Другая консервативная Россия была представлена еще двумя менее отчетливыми, но взаимозависимыми группами: славянофилы и почвенники. Судьба ранних славянофилов не вписывается в рамки этого повествования. Хомяков, братья Киреевские, и Константин Аксаков не пережили освобождения. Их влиятельные последователи и союзники включали в себя Ивана Аксакова (1823—86), Александра Кошелева (1806—83), и редактора наиболее значимого журнала славянофилов, «Русская беседа», Юрия Самарина (1819—76), князя Владимира Черкасского (1824—78) и Александра Гильфердинга (1831—72). Они продолжали поддерживать основу славянофильской веры, и в целом не потеряли естественную порядочность и энтузиазм, которыми отличались их более выдающиеся предшественники. Но они были менее идеалистичны, менее щедры, и менее отданны утешениям патриархата, любви и романтической ностальгии, хотя и продолжали считать греховным все, что разделяло русский народ. Основа славянофильского представления в том, что общественная жизнь и культура нации могут существуют как чистая сущность, развивающаяся в соответствии с установленной схемой, божественно задуманным национальным гением, и отступление от этой модели сопровождается нежелательными социальными изменениями и является результатом коварно развращающего влияния извне; это понятие все больше становится устройством для отвлечения внимания от внутренних источников конфликтов и изменений. Хомяков в целом был культурным европейцем, без презрения к человечеству и порой даже мог видеть. обе стороны проблемы. Он и его товарищи-славянофилы были менее всего осведомлены о некоторых трудностях, связанных с отношением их мифов к реалиям истории, их безвестность и рассеянность в основном встречается в тех частях их доктрины, которые идут от воображаемых ими нравственных и социальных миров; их преемники ничего не знали о таких трудностях, и они легко и беспрепятственно использовали славянофильскую мифологию, как замену светским целям.

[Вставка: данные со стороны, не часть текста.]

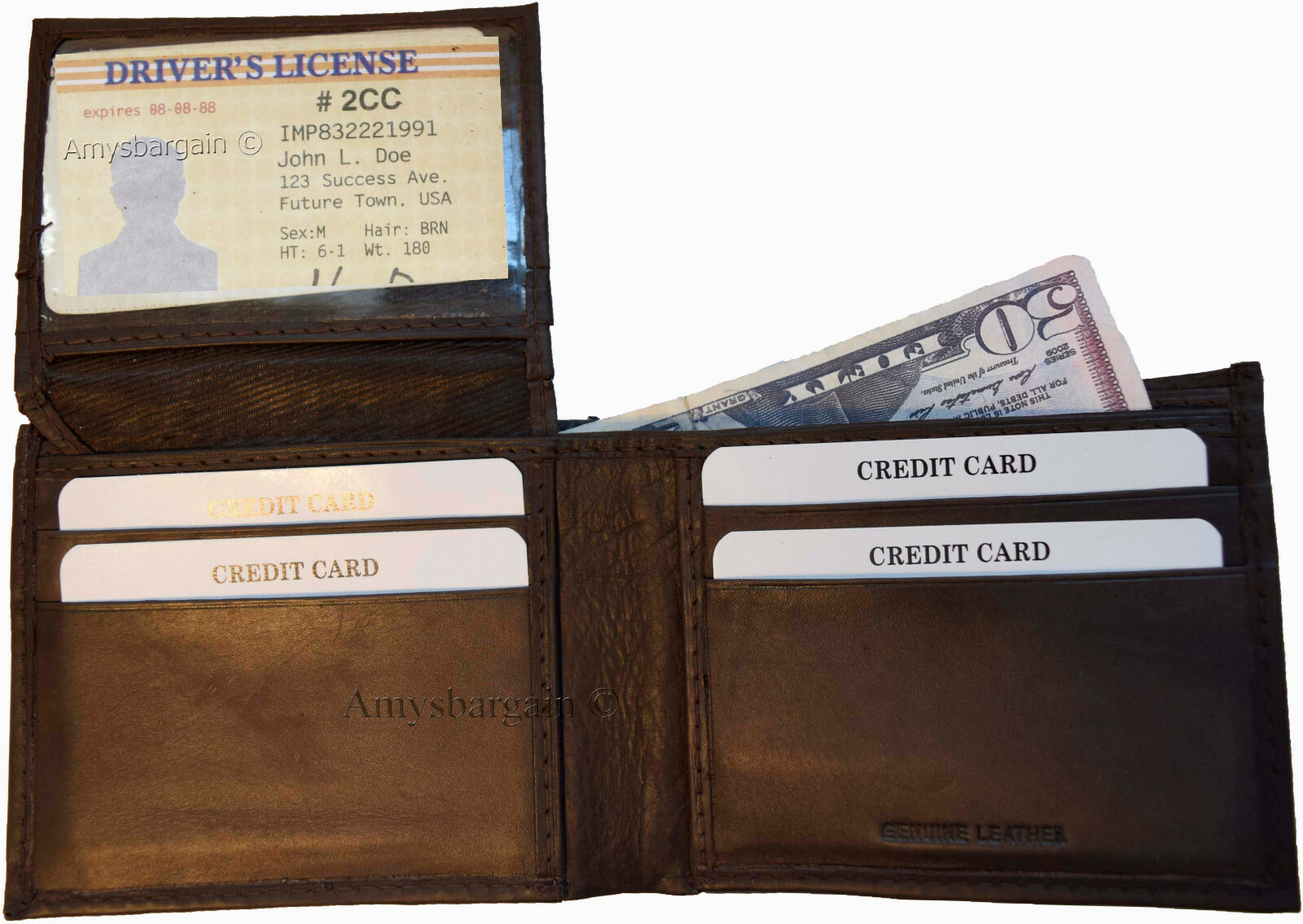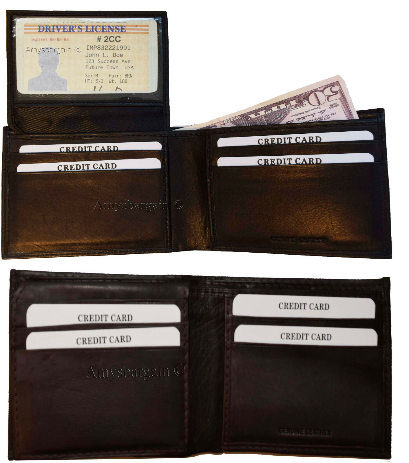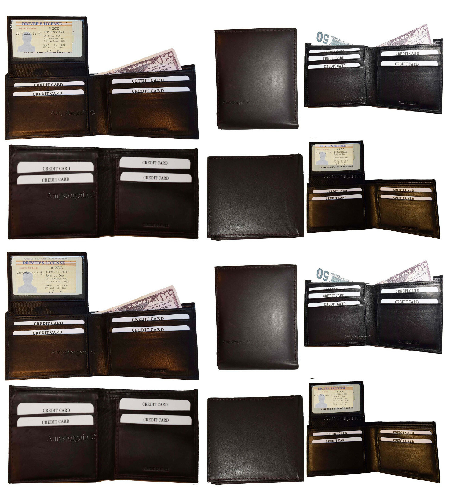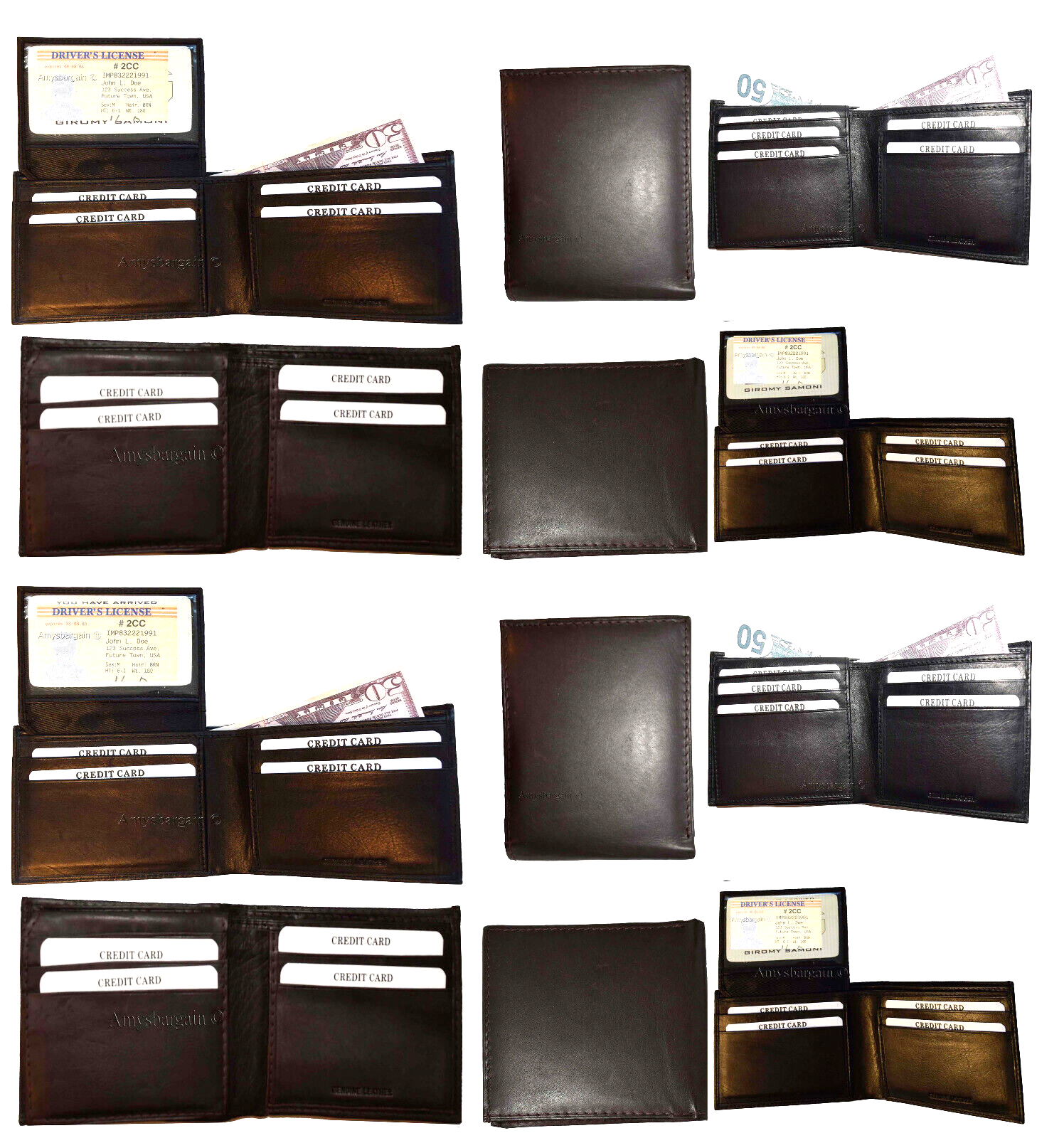 Lot of 12 Men's Brown Bifold Calfskin leather 2 Billfold pockets ID Window B New

Правда, Иван Аксаков с Самариным и Кошелевым, защищали право на свободу слова. Но они также отображали большинство узких политических и националистических предрассудков, которые выдавали современный официальный консерватизм. Это стало особенно ясно в случае с Аксаковым, когда он добрался до высоты его политического влияния. История с поддержкой движения за освобождение балканских славян стимулировала распространение великого русского национализма и панславизма. «Славянофильство без всяких фантазий, но и без всякого стыда», как это описал Владимир Соловьев. В отличие от многих другие русских, Аксаков стал панславистом не потому, что он почувствовал «желание сделать что-то, чтобы избежать невыносимой апатии и скуки» (Пипин), но от глубокой и страстной убеждённости. Политика России на Балканах была для него «реализацией нашей священной миссии», которую ни Русское Княжеское министерство, ни даже царь не разделяли, но которыми они умели пользоваться до тех пор, пока не стало ясно. что интересам России лучше служить, отказавшись от дальнейших приключений на Балканах. У Аксакова было разбито сердце, когда он оказался преданным богами собственного творения.

Процесс, который сделал славянофилов глашатаями реакции, может быть рассмотрен в дальнейшем в карьере Аксакова как журналиста. Он начал редактирование «Дня» со смелых призывов к свободе. Но вскоре голос Аксакова стал почти неразличимым среди официальной прессы по основным вопросам дня, в частности, отношению правительства к крестьянскому вопросу, репрессивным мерам против университетов и радикальной интеллигенции, гнёт в Польше и политику России на Балканах и на Востоке. «День» перестал публиковаться главным образом потому, что он стал убыточным и, как откровенно признался сам Аксаков, его преемники, газеты «Москва» и «Россия» существовали только до тех пор, пока они отражали правительственную линию.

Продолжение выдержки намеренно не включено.